Perceived barriers related to testing, management and treatment of HCV infection among physicians prescribing opioid agonist therapy: The C-SCOPE Study.

The aim of this analysis was to evaluate perceived barriers related to HCV testing, management and treatment among physicians practicing in clinics offering opioid agonist treatment (OAT). C-SCOPE was a study consisting of a self-administered survey among physicians practicing at clinics providing OAT in Australia, Canada, Europe and the United States between April and May 2017. A 5-point Likert scale (1 = not a barrier, 3 = moderate barrier, 5 = extreme barrier) was used to measure responses to perceived barriers for HCV testing, evaluation and treatment across the domains of the health system, clinic and patient. Among the 203 physicians enrolled (40% USA, 45% Europe, 14% Australia/Canada), 21% were addiction medicine specialists, 29% psychiatrists and 69% were metro/urban. OAT physicians in this study reported poor access to on-site venepuncture (35%), point-of-care HCV testing (16%), and noninvasive liver disease assessment (25%). Only 30% of OAT physicians reported personally treating HCV infection. Major perceived health system barriers to HCV management included the lack of funding for noninvasive liver disease testing, long wait times to see an HCV specialist, lack of funding for new HCV therapies, and reimbursement restrictions based on drug/alcohol use. Major perceived clinic barriers included the lack of peer support programmes and/or HCV case managers to facilitate linkage to care, the need to refer people off-site for noninvasive liver disease staging, the lack of support for on-site phlebotomy and the lack of on-site delivery of HCV therapy. This study highlights several important modifiable barriers to enhance HCV testing, evaluation and treatment among PWID attending OAT clinics.
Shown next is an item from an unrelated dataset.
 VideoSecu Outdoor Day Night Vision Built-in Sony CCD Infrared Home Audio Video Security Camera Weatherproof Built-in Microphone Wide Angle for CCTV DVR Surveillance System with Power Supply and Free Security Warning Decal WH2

Perceptions and self-reported competency related to testing, management and treatment of hepatitis C virus infection among physicians prescribing opioid agonist treatment: The C-SCOPE study.
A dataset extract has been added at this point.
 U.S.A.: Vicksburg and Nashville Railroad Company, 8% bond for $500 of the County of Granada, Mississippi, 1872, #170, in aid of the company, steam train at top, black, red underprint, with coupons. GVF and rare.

BACKGROUND: This study evaluated competency related to HCV testing, management and treatment among physicians practicing in clinics offering opioid agonist treatment (OAT). METHODS: C-SCOPE is a study consisting of a self-administered survey among physicians practicing at clinics providing OAT in Australia, Canada, Europe and USA between April-May 2017. A 7-point scale was used to measure < average competence (score >4 of 7) related to HCV testing, management and treatment. RESULTS: Among 203 physicians (40% USA, 45% Europe, 14% Australia/Canada) 21% were addiction medicine specialists, 29% psychiatrists, and 70% were metro/urban [mean PWID managed, 51; years of experience, 11]. The majority perceived HCV testing (82%) and treatment (85%) among PWID as important. The minority reported < average competence with respect to regular screening (12%) and interpretation of HCV test results (14%), while greater proportions reported < average competence in advising patients about new HCV therapies (28%), knowledge of new treatments (37%), and treatment/management of HCV (40%). In adjusted analysis, factors independently associated with < average self-reported competency related to the ability to treat HCV and manage side effects included fewer years in medical practice, fewer numbers of patients treated for HCV infection in the past six months, not having obtained information on screening, diagnosing or treatment of HCV, not having attended any training on HCV in the past year, and not having read or consulted AASLD/IDSA, EASL or other guidelines for HCV. CONCLUSION: Physicians treating HCV infection among PWID attending OAT clinics recognized the importance of HCV testing and treatment. However, self-perceived competency related to HCV management and treatment was low, highlighting the importance of improved HCV education and training among physicians practicing in clinics offering OAT.